▶ EXERCISE DETAILS
Nothing below is to be printed except the lines between the line holding "sa de socializare." and the line holding "workability when installing.", inclusive, each exactly as it appears.

▶ PROVIDED RECORDS
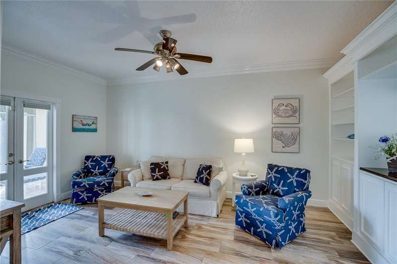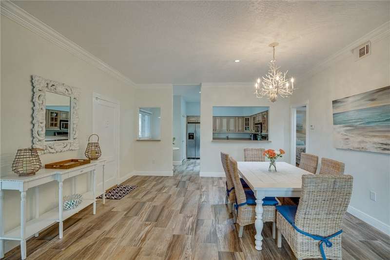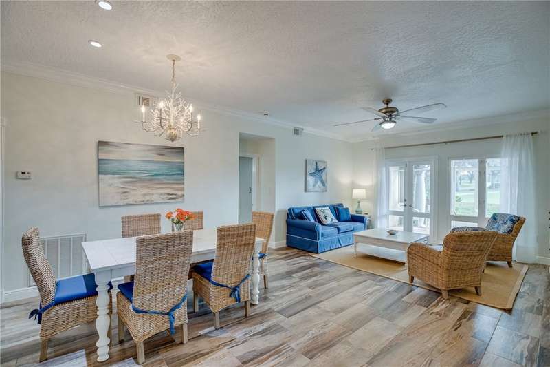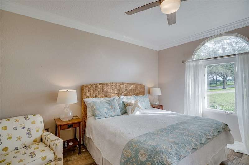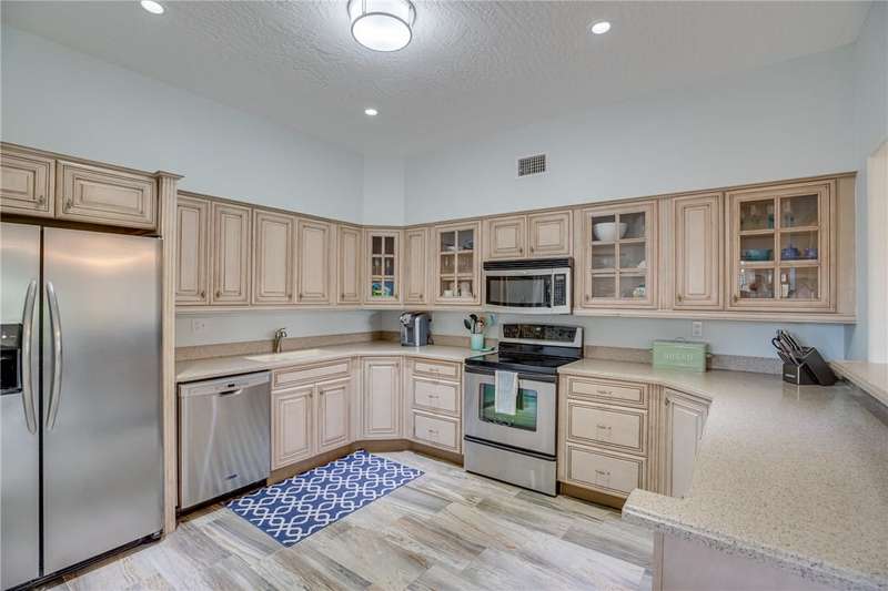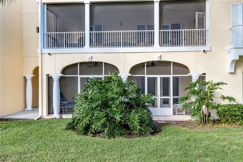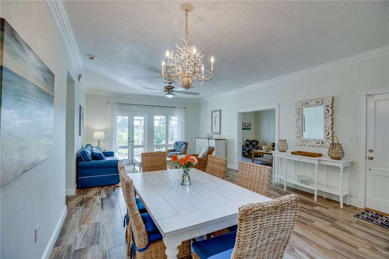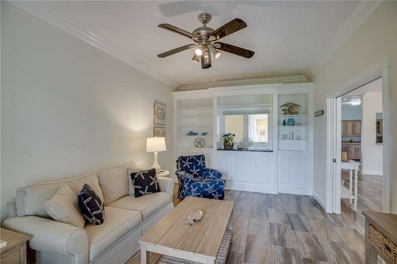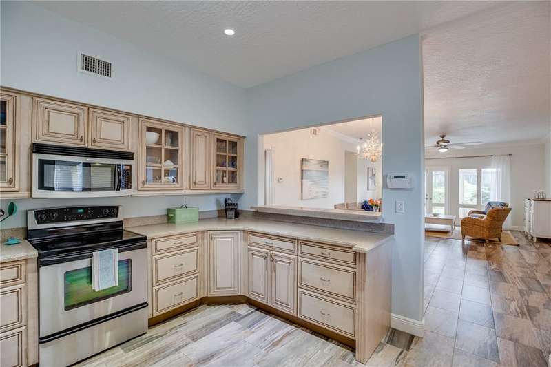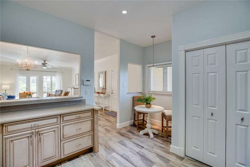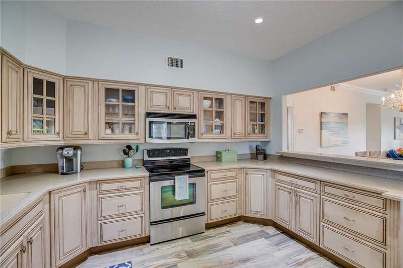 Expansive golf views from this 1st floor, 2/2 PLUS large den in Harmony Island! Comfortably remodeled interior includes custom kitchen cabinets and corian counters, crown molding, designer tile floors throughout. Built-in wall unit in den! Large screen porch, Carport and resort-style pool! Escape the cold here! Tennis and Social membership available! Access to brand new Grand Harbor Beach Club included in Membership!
* * *
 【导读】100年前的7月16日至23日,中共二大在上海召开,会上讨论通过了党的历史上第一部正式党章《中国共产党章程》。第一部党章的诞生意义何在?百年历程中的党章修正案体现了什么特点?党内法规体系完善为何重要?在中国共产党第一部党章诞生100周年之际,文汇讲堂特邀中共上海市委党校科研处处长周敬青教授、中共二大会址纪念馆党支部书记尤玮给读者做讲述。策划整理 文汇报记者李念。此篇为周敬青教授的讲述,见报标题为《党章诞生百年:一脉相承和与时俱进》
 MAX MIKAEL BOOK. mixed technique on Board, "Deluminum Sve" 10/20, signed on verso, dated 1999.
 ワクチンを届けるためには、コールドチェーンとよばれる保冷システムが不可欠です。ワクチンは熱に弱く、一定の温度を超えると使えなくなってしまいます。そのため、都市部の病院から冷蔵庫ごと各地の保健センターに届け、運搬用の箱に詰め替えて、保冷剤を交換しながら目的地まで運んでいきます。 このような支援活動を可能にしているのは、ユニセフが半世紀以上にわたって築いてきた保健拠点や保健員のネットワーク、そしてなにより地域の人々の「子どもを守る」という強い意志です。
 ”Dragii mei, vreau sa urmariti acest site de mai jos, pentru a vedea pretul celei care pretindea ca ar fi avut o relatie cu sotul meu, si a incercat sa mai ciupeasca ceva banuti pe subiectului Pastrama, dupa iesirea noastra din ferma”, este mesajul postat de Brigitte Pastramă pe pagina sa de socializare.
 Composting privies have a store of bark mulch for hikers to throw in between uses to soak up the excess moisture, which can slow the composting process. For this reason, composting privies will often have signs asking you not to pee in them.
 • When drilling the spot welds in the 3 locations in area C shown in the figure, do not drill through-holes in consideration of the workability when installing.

▶ EXERCISE RESPONSE
 ”Dragii mei, vreau sa urmariti acest site de mai jos, pentru a vedea pretul celei care pretindea ca ar fi avut o relatie cu sotul meu, si a incercat sa mai ciupeasca ceva banuti pe subiectului Pastrama, dupa iesirea noastra din ferma”, este mesajul postat de Brigitte Pastramă pe pagina sa de socializare.
 Composting privies have a store of bark mulch for hikers to throw in between uses to soak up the excess moisture, which can slow the composting process. For this reason, composting privies will often have signs asking you not to pee in them.
 • When drilling the spot welds in the 3 locations in area C shown in the figure, do not drill through-holes in consideration of the workability when installing.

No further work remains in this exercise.